● BRIEF:
Please copy exactly the part of the records below that opens with the line containing "Strefa dzienna to" and closes with the line containing "מפיקי האירוויזיון פרסמו", leaving out any pictures.

──────── SUPPLIED DATA ────────

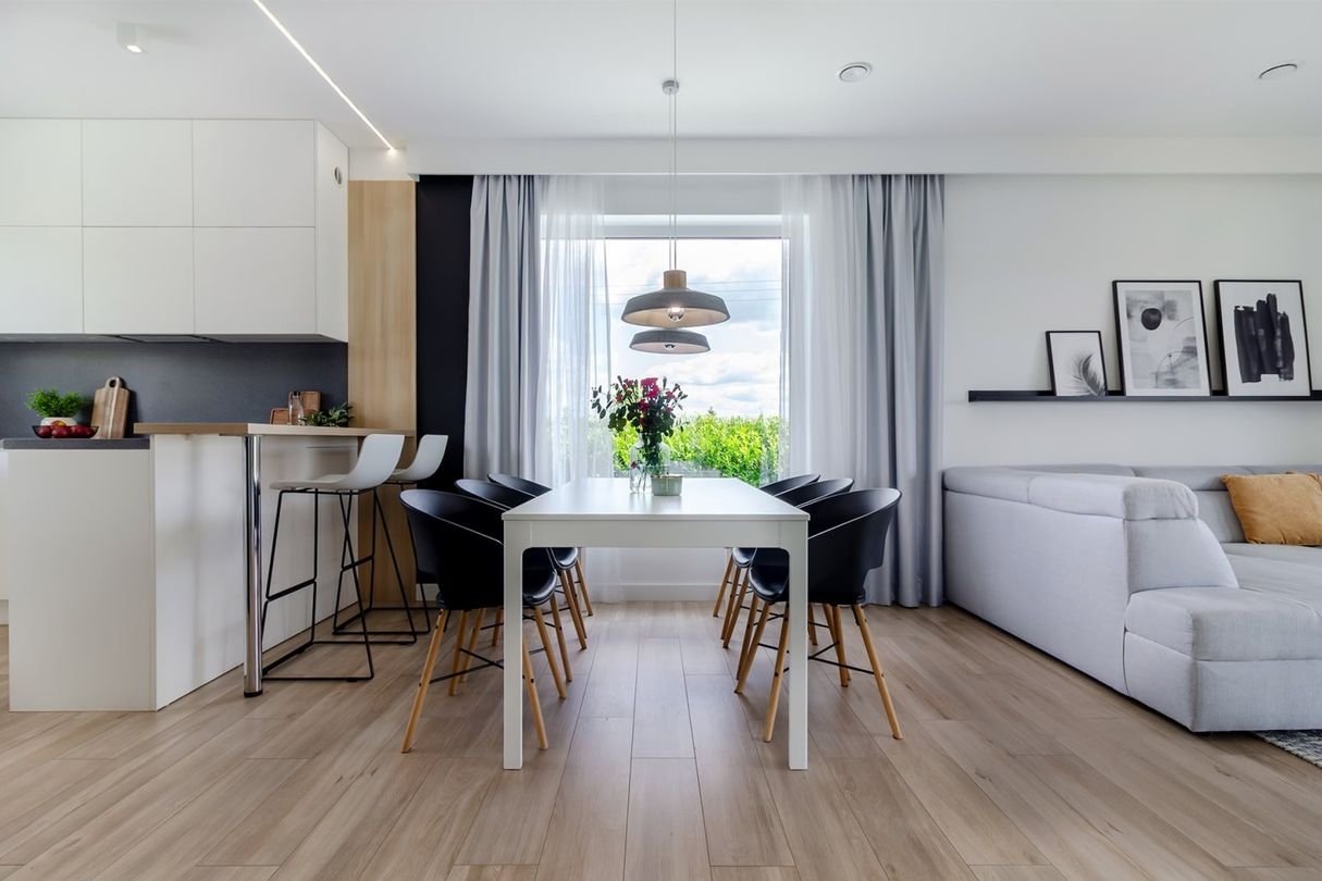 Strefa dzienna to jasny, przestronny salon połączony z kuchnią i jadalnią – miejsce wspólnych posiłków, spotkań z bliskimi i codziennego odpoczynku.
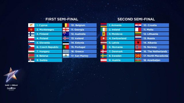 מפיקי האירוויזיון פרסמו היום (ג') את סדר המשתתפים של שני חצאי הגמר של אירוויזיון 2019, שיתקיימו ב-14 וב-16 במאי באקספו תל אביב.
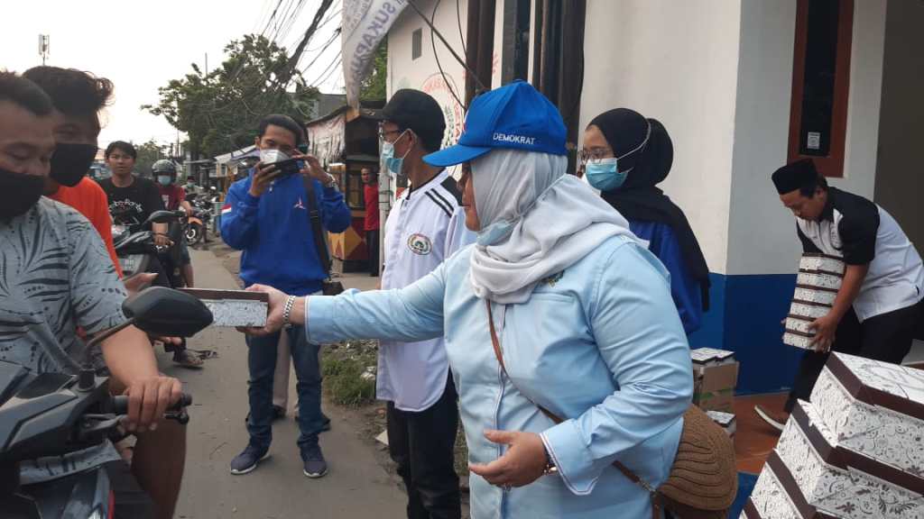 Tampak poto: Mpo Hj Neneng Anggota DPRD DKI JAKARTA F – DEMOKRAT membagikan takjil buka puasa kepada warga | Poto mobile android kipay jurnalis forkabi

────────
──────── SUPPLIED DATA ────────

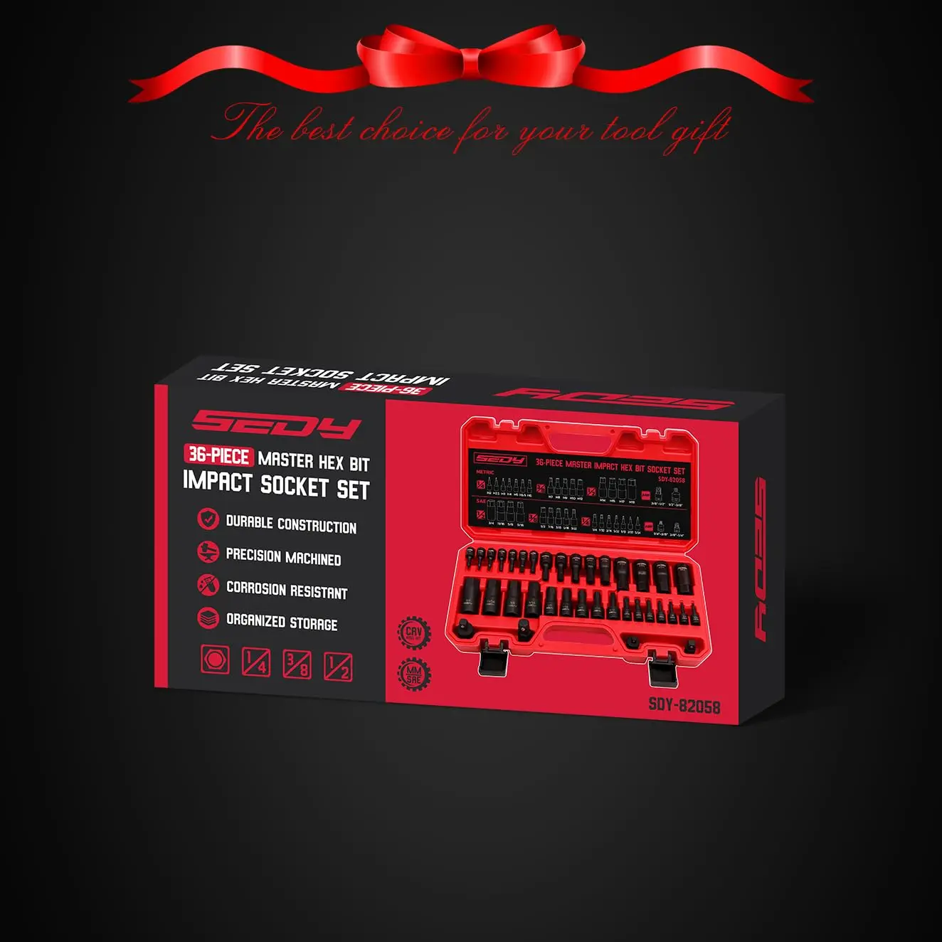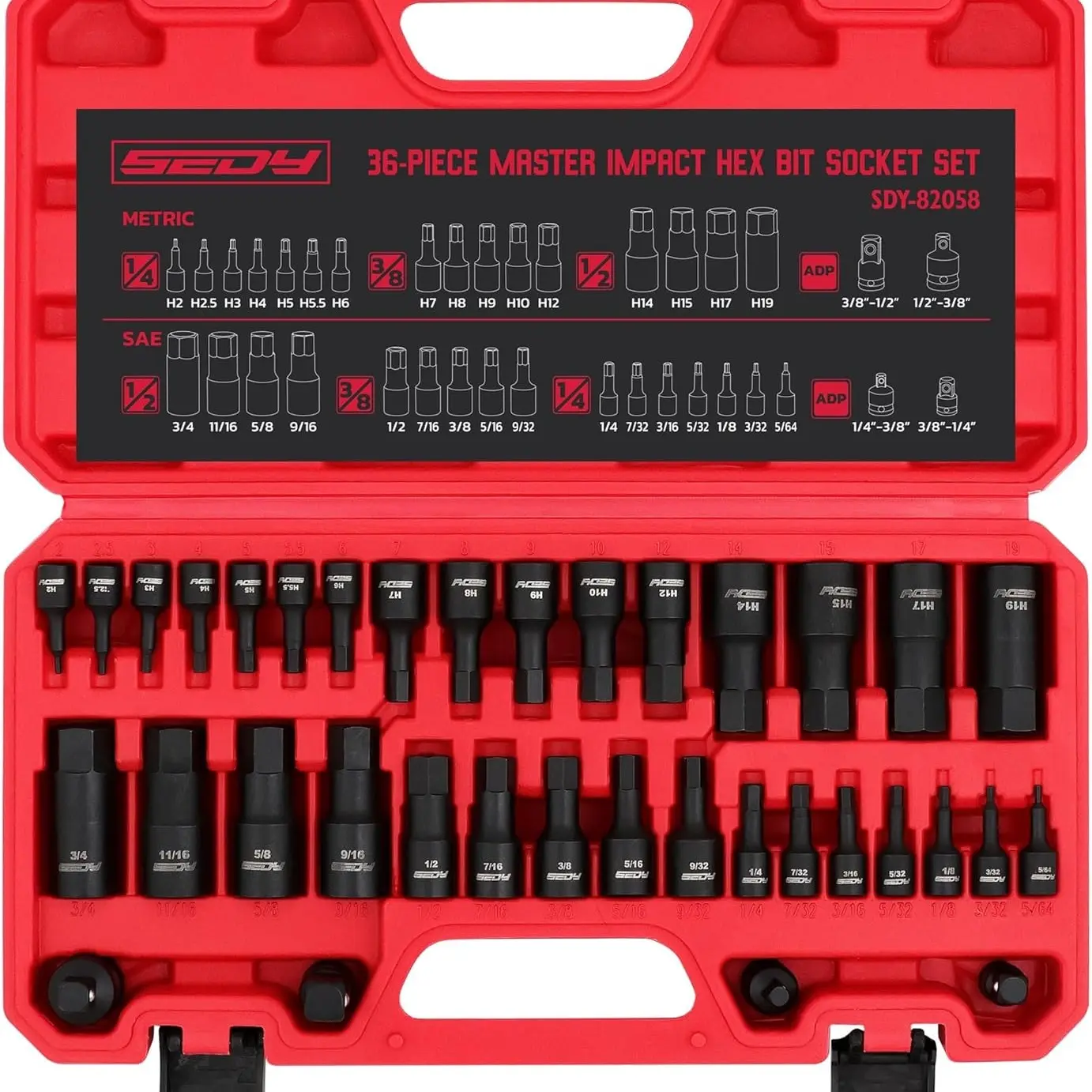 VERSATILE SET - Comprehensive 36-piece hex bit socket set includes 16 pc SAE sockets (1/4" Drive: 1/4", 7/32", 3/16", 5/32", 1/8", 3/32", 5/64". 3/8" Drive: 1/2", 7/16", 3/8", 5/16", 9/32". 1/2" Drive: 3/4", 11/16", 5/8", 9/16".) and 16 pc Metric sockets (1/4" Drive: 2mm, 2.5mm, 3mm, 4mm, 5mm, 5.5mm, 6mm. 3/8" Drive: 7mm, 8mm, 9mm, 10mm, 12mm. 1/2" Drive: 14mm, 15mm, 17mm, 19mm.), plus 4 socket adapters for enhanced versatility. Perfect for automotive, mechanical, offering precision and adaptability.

────────
──────── SUPPLIED DATA ────────

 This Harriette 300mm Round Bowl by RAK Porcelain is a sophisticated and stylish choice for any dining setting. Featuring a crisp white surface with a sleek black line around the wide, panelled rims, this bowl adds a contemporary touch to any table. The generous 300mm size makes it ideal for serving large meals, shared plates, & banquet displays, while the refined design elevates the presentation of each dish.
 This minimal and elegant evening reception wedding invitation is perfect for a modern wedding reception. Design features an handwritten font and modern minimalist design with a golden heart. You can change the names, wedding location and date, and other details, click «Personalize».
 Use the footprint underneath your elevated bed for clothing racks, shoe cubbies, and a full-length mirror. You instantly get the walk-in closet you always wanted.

────────

● THE ANSWER:
 Strefa dzienna to jasny, przestronny salon połączony z kuchnią i jadalnią – miejsce wspólnych posiłków, spotkań z bliskimi i codziennego odpoczynku.
 מפיקי האירוויזיון פרסמו היום (ג') את סדר המשתתפים של שני חצאי הגמר של אירוויזיון 2019, שיתקיימו ב-14 וב-16 במאי באקספו תל אביב.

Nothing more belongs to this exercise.